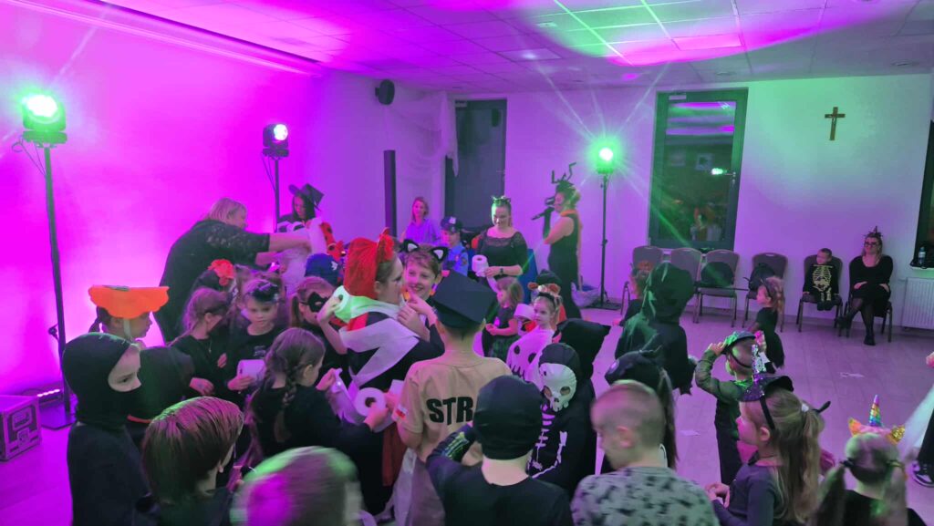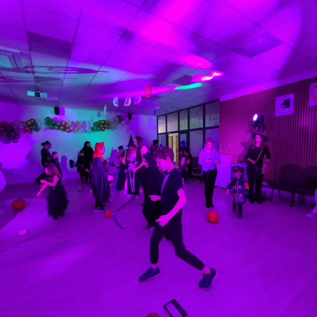 Dzieci oraz rodzice przyszli w pięknych, pomysłowych przebraniach – wśród nich nie zabrakło uroczych dyniek, czarownic i zabawnych potworków. W programie znalazły się wspólne zabawy, konkursy oraz tańce. Dużym zainteresowaniem cieszyło się również malowanie buziek, które pozwoliło dzieciom wcielić się w różne postacie i podkreślić charakter święta.
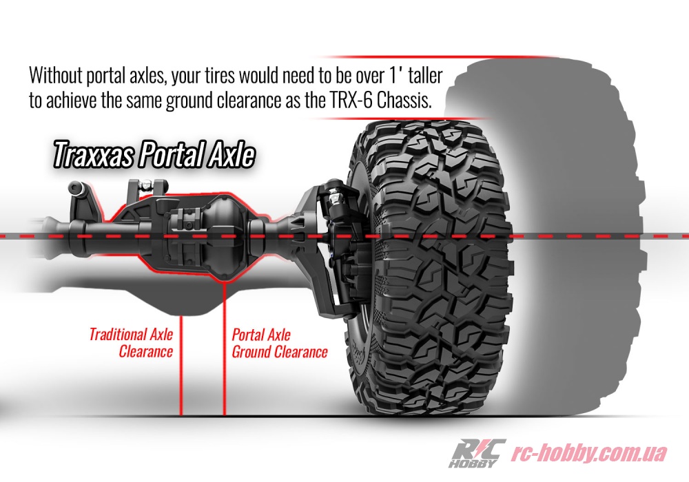 Ексклюзивні портальні осі Traxxas піднімають вантажівку TRX-6 на колеса для величезного кліренсу під осями. Щоб досягти такого самого кліренсу з прямими осями (і не застрягти на бездоріжжі), інші шини повинні бути на дюйм вищі за шини TRX-6.
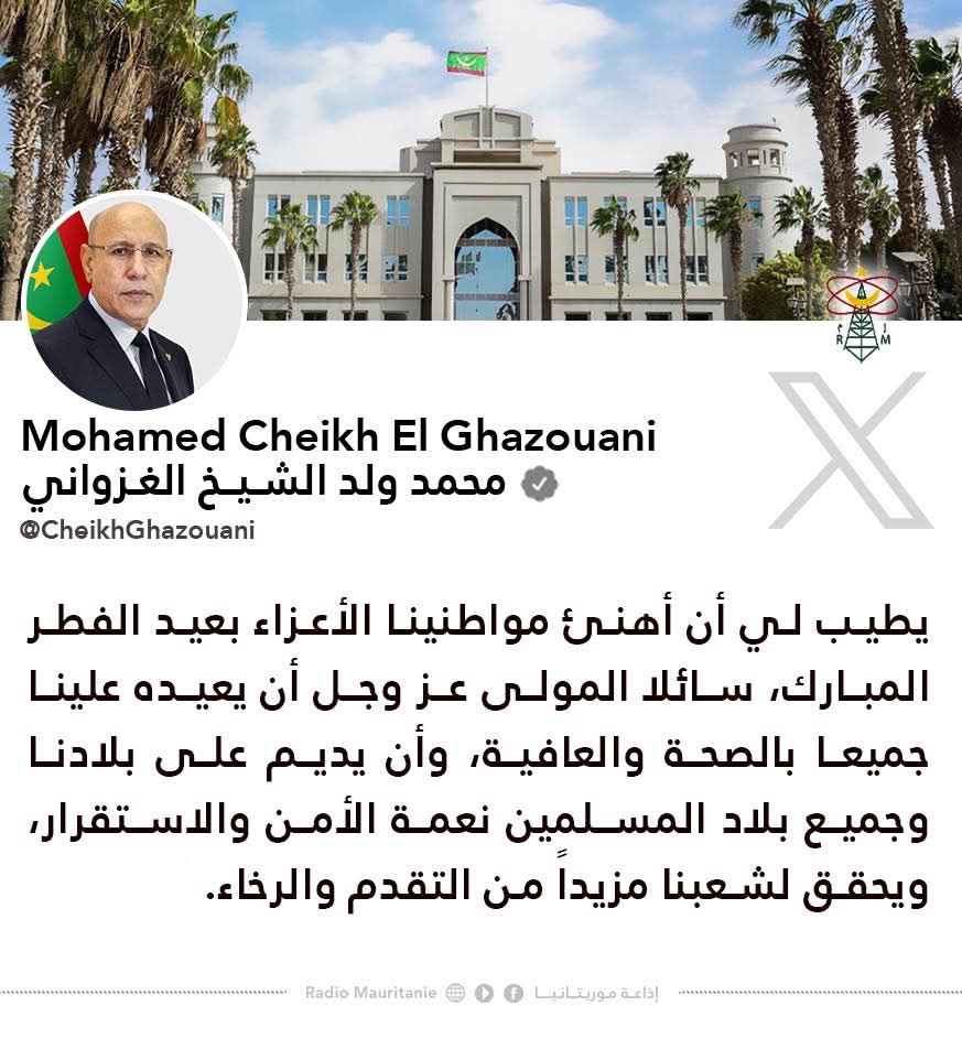 فخامةُ رئيس الجمهورية السيد محمد ولد الشيخ الغزواني مُغرداً عبر حسابه منصة X:

→ What you are asked to do: Word for word, return the material above; the pictures stay out.

→ Output of the exercise:
 Dzieci oraz rodzice przyszli w pięknych, pomysłowych przebraniach – wśród nich nie zabrakło uroczych dyniek, czarownic i zabawnych potworków. W programie znalazły się wspólne zabawy, konkursy oraz tańce. Dużym zainteresowaniem cieszyło się również malowanie buziek, które pozwoliło dzieciom wcielić się w różne postacie i podkreślić charakter święta.
 Ексклюзивні портальні осі Traxxas піднімають вантажівку TRX-6 на колеса для величезного кліренсу під осями. Щоб досягти такого самого кліренсу з прямими осями (і не застрягти на бездоріжжі), інші шини повинні бути на дюйм вищі за шини TRX-6.
 فخامةُ رئيس الجمهورية السيد محمد ولد الشيخ الغزواني مُغرداً عبر حسابه منصة X:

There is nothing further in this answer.